WHITE PLAINS, N.Y. (CN) - BP, Shell and Statoil fixed North Sea crude oil prices and restricted trade for years by misleading reporting agencies, a trader claims in a federal class action.Lead plaintiff Prime International Trading sued BP, Royal Dutch Shell and Norwegian oil company Statoil, in Federal Court.
Chicago-based Prime International is a member of the Chicago Board of Trade, Chicago Mercantile Exchange, NYMEX (the New York Mercantile Exchange) and ICE (the Intercontinental Exchange), the world's largest energy futures exchanges.
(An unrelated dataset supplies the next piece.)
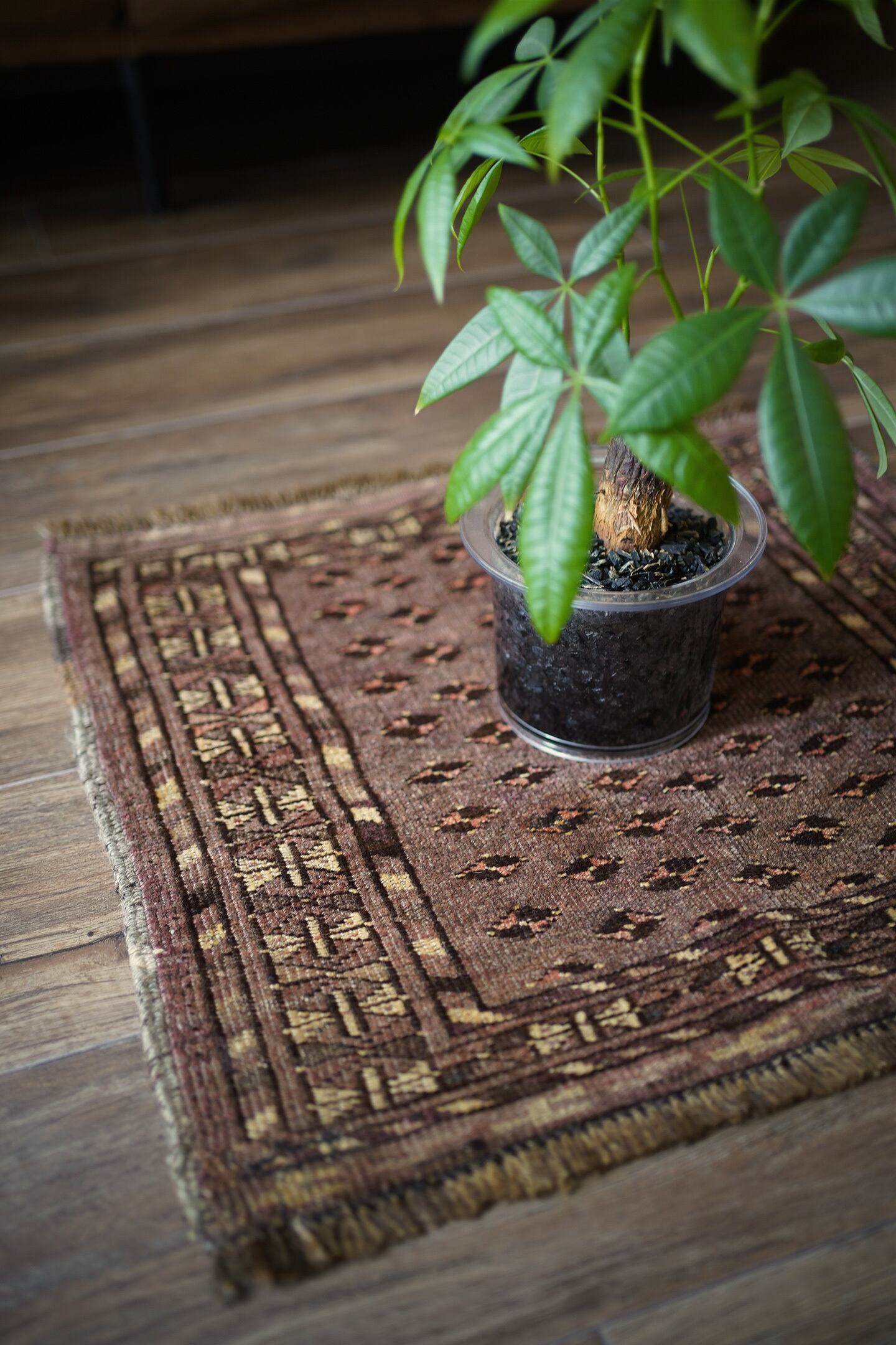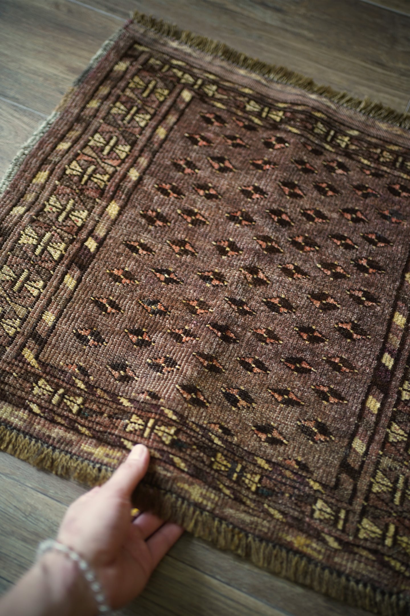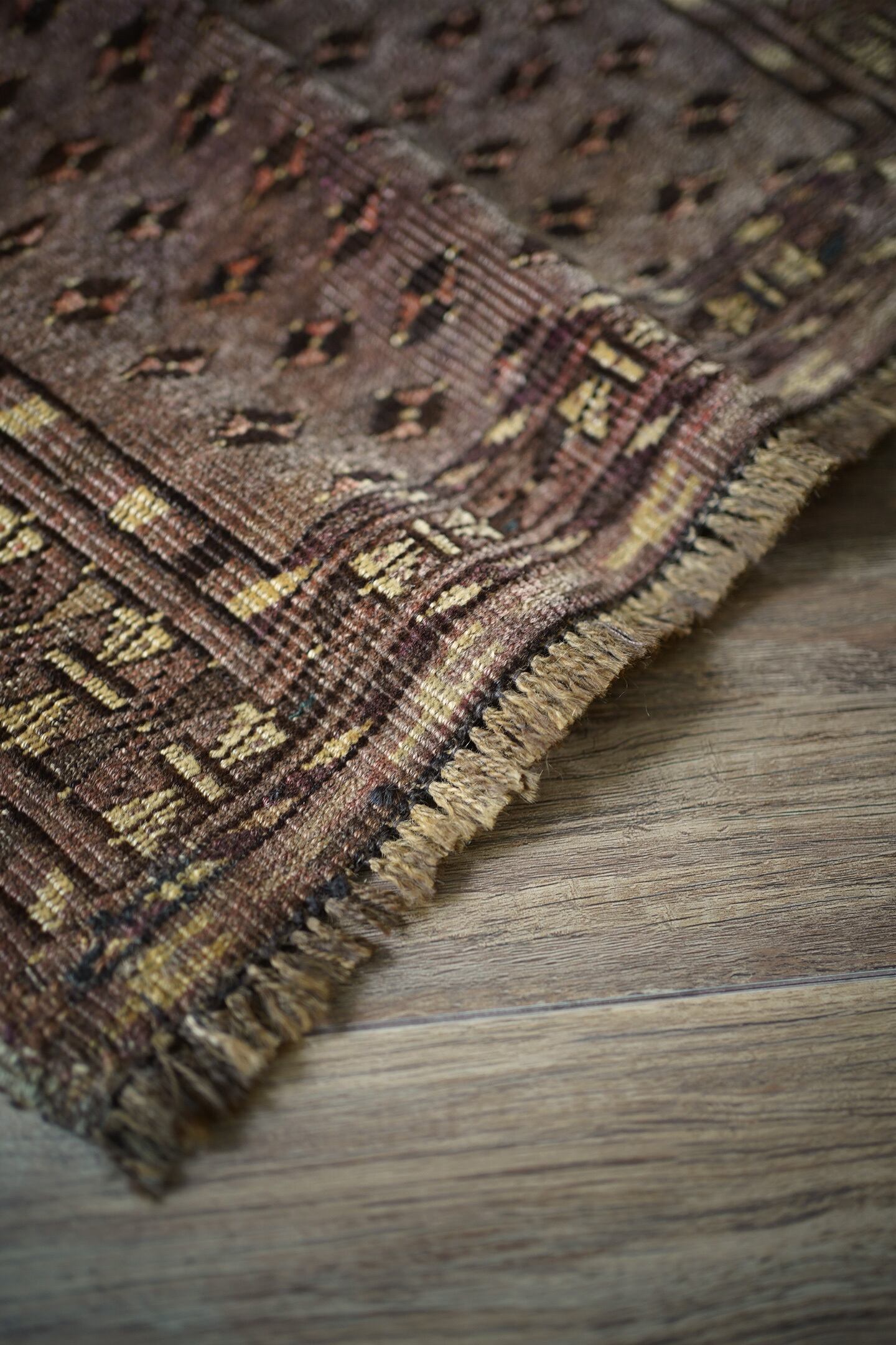 約100年前に織られた"Qazul Ayaq family"デザインのアフガニスタン産のトルクメンラグ。ブラウンとベージュがベースの落ち着いた渋い色合いの一枚で、フィールドの薄いオレンジと焦茶の小さな菱形紋様が可愛らしい雰囲気を醸し出しています。フリンジ部分は片側のみキリムエンドの作り。パイルは短めで、表面はサラふわっとした優しい肌触りをしています。厚みは4mm〜5mm程度。目立ったダメージもなく良好なコンディションです。観葉植物に合わせると非常に素敵かと思います♫

Prime claims the defendants and unnamed co-conspirators deliberately reported inaccurate information about North Sea sweet light crude oil (a commodity known as Brent Crude oil) to Platts, the leading reporting agency for the Brent Crude Oil commodity and futures contracts traded on NYMEX and ICE, undermining the entire pricing structure for the Brent Crude oil market since 2002.

"On May 17, 2013, the U.K. Serious Fraud Office announced that it was 'urgently reviewing' the European Commission's allegations of price-fixing in the oil markets and determining whether to accept the case for 'criminal investigation.' That same day, the United States Senate called for the U.S. Department of Justice to join the European Commission investigation."

Prime International claims it traded hundreds of thousands of Brent Crude futures contracts at prices manipulated by the defendants' price-fixing. It claims to represent thousands of traders who have been misled by the manipulated prices since 2002."The Brent oilfields in the North Sea currently have the highest physical daily output of any of the world's recognized oil benchmarks," the complaint states. "Brent is the leading global price benchmark for Atlantic basin crude oils and it is used to price two-thirds of the world's internationally traded crude oil supplies."